--- REQUIREMENT ---
Find the lines of data that contain the string "Cotton", then list them.

═════ GIVEN ENTRIES

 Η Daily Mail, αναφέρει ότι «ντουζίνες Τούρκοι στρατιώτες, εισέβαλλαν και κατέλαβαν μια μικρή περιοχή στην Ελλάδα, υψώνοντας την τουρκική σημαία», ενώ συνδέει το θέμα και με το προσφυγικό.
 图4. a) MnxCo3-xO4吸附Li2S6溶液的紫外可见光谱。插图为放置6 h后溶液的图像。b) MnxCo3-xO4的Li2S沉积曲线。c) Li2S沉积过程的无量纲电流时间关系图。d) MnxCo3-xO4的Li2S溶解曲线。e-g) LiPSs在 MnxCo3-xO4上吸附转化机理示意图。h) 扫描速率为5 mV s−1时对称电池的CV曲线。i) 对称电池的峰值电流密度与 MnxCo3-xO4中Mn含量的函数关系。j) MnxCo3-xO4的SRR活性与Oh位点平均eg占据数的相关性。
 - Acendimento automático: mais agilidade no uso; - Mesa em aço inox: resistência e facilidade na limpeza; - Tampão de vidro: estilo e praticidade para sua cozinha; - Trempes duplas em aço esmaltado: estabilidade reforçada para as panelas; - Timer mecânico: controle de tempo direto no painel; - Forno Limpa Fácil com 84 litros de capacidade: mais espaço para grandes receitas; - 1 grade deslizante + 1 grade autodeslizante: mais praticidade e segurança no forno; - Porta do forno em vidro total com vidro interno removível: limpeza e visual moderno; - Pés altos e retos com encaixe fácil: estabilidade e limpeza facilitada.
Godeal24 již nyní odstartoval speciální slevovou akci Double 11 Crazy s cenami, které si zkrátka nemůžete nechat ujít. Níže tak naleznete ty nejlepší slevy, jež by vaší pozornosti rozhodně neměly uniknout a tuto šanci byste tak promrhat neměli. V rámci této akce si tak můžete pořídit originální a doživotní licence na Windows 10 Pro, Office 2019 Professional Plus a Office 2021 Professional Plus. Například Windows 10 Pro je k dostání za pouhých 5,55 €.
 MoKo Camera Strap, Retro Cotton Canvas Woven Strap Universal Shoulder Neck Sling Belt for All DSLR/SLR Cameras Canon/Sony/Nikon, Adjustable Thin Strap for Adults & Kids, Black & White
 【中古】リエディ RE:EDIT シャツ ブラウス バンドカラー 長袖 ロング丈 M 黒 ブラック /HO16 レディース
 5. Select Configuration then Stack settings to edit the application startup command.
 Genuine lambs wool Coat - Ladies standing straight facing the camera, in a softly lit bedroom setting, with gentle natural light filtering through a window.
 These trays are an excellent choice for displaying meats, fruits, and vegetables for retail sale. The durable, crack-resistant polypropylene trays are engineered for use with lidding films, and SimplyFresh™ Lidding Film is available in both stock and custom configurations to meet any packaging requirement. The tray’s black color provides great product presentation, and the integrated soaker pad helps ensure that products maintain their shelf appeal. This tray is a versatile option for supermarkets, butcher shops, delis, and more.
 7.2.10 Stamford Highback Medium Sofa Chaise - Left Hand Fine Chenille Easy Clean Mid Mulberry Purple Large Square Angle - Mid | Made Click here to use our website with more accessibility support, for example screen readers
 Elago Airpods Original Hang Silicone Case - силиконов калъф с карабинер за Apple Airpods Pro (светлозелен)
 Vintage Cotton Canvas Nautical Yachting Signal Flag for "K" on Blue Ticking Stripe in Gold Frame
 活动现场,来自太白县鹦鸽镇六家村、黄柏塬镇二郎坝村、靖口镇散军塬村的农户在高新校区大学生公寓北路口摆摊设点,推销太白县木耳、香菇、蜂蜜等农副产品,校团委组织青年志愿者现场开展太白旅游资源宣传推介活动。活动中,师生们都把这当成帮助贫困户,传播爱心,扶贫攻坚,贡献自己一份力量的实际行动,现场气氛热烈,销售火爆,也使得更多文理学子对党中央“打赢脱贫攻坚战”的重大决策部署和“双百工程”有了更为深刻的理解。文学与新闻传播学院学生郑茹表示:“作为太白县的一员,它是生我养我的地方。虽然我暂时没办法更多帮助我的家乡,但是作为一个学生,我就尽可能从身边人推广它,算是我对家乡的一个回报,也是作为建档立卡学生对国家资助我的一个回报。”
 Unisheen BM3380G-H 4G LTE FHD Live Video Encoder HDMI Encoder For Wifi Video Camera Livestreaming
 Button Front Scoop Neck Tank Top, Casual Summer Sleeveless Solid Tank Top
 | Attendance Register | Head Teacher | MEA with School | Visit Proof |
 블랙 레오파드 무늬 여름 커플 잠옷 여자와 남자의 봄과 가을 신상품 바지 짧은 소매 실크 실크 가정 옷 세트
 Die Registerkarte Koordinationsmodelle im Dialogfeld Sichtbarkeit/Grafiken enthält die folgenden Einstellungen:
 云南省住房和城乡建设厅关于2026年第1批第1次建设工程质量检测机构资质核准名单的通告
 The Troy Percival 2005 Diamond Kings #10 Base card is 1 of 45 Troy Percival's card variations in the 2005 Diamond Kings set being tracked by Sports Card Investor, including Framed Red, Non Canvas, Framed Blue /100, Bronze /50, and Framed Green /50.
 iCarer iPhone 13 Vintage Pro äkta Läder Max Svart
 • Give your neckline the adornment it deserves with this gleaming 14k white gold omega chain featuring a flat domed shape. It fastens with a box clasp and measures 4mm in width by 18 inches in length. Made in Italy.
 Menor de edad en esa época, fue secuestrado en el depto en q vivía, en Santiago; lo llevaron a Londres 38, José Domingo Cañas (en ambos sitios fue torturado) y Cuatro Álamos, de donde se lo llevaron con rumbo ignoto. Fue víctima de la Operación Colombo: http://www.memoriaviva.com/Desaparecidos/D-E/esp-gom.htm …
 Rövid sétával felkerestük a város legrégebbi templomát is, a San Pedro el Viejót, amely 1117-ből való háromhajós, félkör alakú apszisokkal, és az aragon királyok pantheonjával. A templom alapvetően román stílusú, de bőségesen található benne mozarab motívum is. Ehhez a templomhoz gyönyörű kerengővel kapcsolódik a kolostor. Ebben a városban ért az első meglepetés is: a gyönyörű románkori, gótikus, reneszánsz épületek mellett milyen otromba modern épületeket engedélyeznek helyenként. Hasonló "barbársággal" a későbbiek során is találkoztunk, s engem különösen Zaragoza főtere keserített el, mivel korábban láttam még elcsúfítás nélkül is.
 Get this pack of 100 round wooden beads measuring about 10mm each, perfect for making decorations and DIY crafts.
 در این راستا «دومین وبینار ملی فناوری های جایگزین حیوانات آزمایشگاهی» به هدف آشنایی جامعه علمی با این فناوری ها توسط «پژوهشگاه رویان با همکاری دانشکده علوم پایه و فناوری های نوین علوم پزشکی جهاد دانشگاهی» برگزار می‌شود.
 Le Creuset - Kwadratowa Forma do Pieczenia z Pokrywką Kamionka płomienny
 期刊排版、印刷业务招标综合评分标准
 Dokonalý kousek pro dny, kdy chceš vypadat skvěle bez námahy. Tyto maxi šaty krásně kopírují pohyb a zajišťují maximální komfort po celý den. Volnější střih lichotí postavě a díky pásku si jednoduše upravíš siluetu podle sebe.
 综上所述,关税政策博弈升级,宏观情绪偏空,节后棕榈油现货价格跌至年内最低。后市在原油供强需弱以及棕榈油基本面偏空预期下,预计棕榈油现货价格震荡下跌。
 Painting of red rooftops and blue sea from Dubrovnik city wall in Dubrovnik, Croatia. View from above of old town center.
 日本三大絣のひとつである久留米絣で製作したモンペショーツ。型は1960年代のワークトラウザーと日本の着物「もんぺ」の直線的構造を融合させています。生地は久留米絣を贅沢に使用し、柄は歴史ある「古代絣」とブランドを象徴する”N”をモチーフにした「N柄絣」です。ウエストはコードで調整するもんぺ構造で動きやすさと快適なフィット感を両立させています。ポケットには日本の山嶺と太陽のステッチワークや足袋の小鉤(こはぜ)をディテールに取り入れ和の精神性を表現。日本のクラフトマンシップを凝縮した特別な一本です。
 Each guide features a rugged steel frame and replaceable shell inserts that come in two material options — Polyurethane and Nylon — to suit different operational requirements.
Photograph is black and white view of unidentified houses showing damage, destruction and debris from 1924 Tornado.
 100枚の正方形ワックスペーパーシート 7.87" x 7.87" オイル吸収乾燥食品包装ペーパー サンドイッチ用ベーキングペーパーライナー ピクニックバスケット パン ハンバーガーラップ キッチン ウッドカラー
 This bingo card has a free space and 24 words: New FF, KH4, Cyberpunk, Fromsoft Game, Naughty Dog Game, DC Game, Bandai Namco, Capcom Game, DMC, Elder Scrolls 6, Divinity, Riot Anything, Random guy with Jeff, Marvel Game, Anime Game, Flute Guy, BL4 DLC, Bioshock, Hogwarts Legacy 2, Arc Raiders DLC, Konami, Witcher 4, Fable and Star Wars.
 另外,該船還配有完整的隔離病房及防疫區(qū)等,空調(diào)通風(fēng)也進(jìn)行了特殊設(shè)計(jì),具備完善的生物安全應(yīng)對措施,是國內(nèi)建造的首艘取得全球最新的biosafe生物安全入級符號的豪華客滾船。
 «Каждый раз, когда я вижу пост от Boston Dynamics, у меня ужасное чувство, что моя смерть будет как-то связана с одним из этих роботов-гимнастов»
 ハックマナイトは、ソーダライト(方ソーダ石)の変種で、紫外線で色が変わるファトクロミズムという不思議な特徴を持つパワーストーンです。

══════════

--- OUTPUT OF THE TASK ---
 MoKo Camera Strap, Retro Cotton Canvas Woven Strap Universal Shoulder Neck Sling Belt for All DSLR/SLR Cameras Canon/Sony/Nikon, Adjustable Thin Strap for Adults & Kids, Black & White
 Vintage Cotton Canvas Nautical Yachting Signal Flag for "K" on Blue Ticking Stripe in Gold Frame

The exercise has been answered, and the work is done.